Según el NYT, Estados Unidos está viviendo su momento CBD, la sustancia es el "nuevo aguacate" o "lo que era el bitcoin en 2016", entre un fad más y el Santo Grial. Diferentes celebridades celebran sus virtudes y al parecer hay algo de evidencia científica que sugiere que puede funcionar, pero no para todas las cosas para las que se promueve. Como suele ocurrir, la excitación supera a la realidad. Los entusiastas del CBD aseguran que sirve para tratar cosas tan diversas como la inflamación, el dolor crónico, el acné, la ansiedad, el insomnio, la depresión, el estrés postraumático y hasta el cáncer. La lista es tan grande que el periodista del NYT se pregunta si acaso el CBD "no representa una cura para el siglo XXI en sí mismo". Y es que vivimos en la era de la ansiedad, como ya sentenciaba Auden hace 70 años, y si algo parece poder tratar esta sustancia es la ansiedad y sus secuelas (lo demás está por verse).

Entre los productos que han surgido se incluyen aceites de baño, helados, gomitas (y gomitas para perros), ricotta y miel con CBD, sesiones de meditación o yoga aceitadas por el elixir, bebidas desintoxicantes contra la cruda, champús, labiales, antiarrugas, lociones, lubricantes sexuales... tarot, cristales mágicos y CBD. Hay una gran excitación, pero esto mismo viene de la mano de una gran confusión, pues no mucha gente sabe realmente qué es el CBD. Aunque carece de la potencia psicoactiva del THC, los usuarios hablan de un "high" corporal y no mental, como tomar un baño de vapor. Otros dicen que otorga una sensación de alivio generalizada y una ecuanimidad, como lo que se siente después de meditar o de una buena sesión de yoga. Otros lo usan como un lubricante social para tratar la ansiedad social.

El NYT señala que muchos de sus usuarios hablan de esta sustancia cannábica en un lenguaje cuasirreligioso, casi sugiriendo que muchos de sus beneficios podrían tener que ver con el signo de nuestros tiempos, el malestar de nuestra cultura, el estrés de la tecnología, el desencanto con la vida, etc. Cada era tiene una droga; la generación X dio a luz al Prozac y quizás nuestra generación más ecoconsciente, vegana y demás, encumbrará al CBD. En una sociedad dominada por los millennials, que según el Times tienden a padecer ansiedad (por el cambio climático, la incertidumbre política, el terrorismo, la inteligencia artificial, por todo), el CBD parece ser lo que el doctor ordenó o lo que nosotros mismos nos recetamos: ¿una mezcla de bendición botánica, placebo y capitalismo ecochic?:

Qué tiempo más conveniente para que la Madre Naturaleza nos brindara esta cura perma-chillax que parece encajar con todas las tendencias culturales al mismo tiempo: nuestra obsesión con el wellness y con nuestras propias personas, la llegada de las terapias alternativas al mainstream y la infatigable marcha por la legalización de la marihuana.

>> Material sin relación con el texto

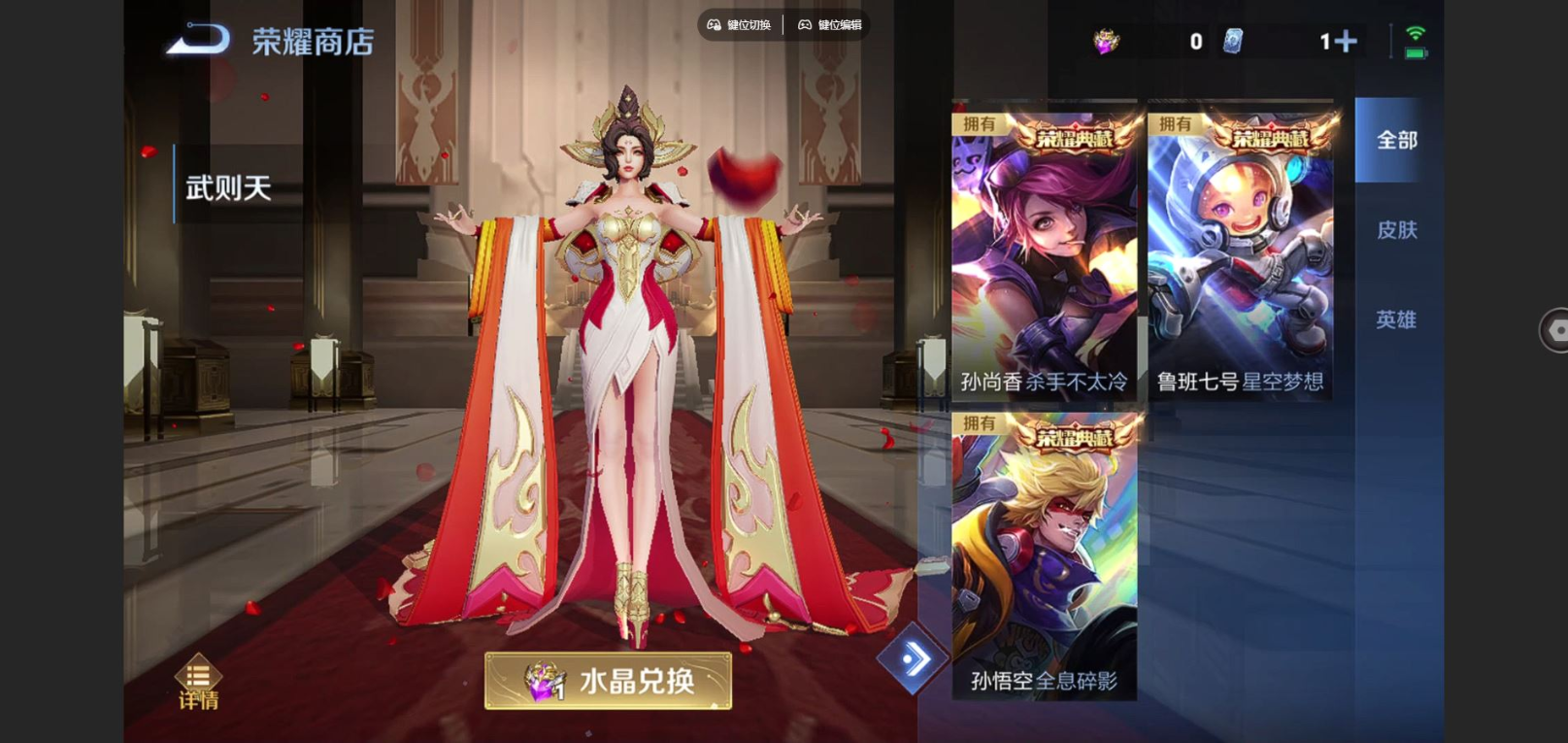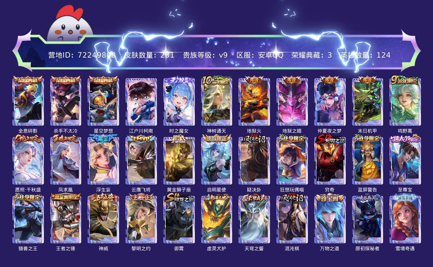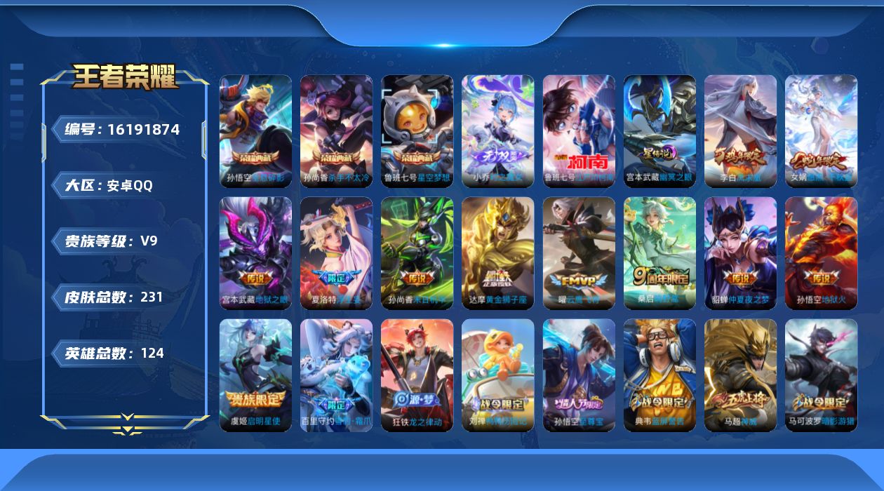 贵族等级:v9皮肤数:231传说品质12 情人节限定1 荣耀典藏3 无双1 生肖限定4 珍品传说1 英雄数:124

Algunos incluso la ven como un heraldo del empoderamiento de las mujeres, un emblema del feminismo -la suavidad de la planta y su poder medicinal-, pues muchas compañías están siendo impulsadas por mujeres. Para ser justos, hay algunos científicos, como Esther Blessing de la Universidad de Nueva York, que consideran que es uno de los medicamentos más prometedores que han surgido en las últimas décadas. Especialmente, existen indicios de que puede servir para tratar adicciones, trastornos de estrés y enfermedades mentales como la epilepsia y la esquizofrenia (aunque faltan más pruebas). El tema es que no existe ninguna evidencia de que funcione en las dosis que se están vendiendo en la plétora de productos que están desfilando en el mercado. El hecho de que un café o una gomita tenga CBD, difícilmente hará una diferencia; para que funcione, debe tener unos 300mg de CBD, según la doctora Blessing. Además, existen posibles interacciones negativas con otras medicinas.

Así que, como siempre, ni una ni otra, ni blanco ni negro, un verde brillante con tonos grises. El CBD no es la panacea, y tampoco es el viejo aceite de serpiente. No obstante, su boom es sintomático tanto de la ansiedad de nuestra época (que anhela un fácil remedio para su condición) como de la explosión de la medicina alternativa y de la mercantilización de la salud. Eso, y se siente rico cuando estás cansado y te duelen los músculos o la cabeza.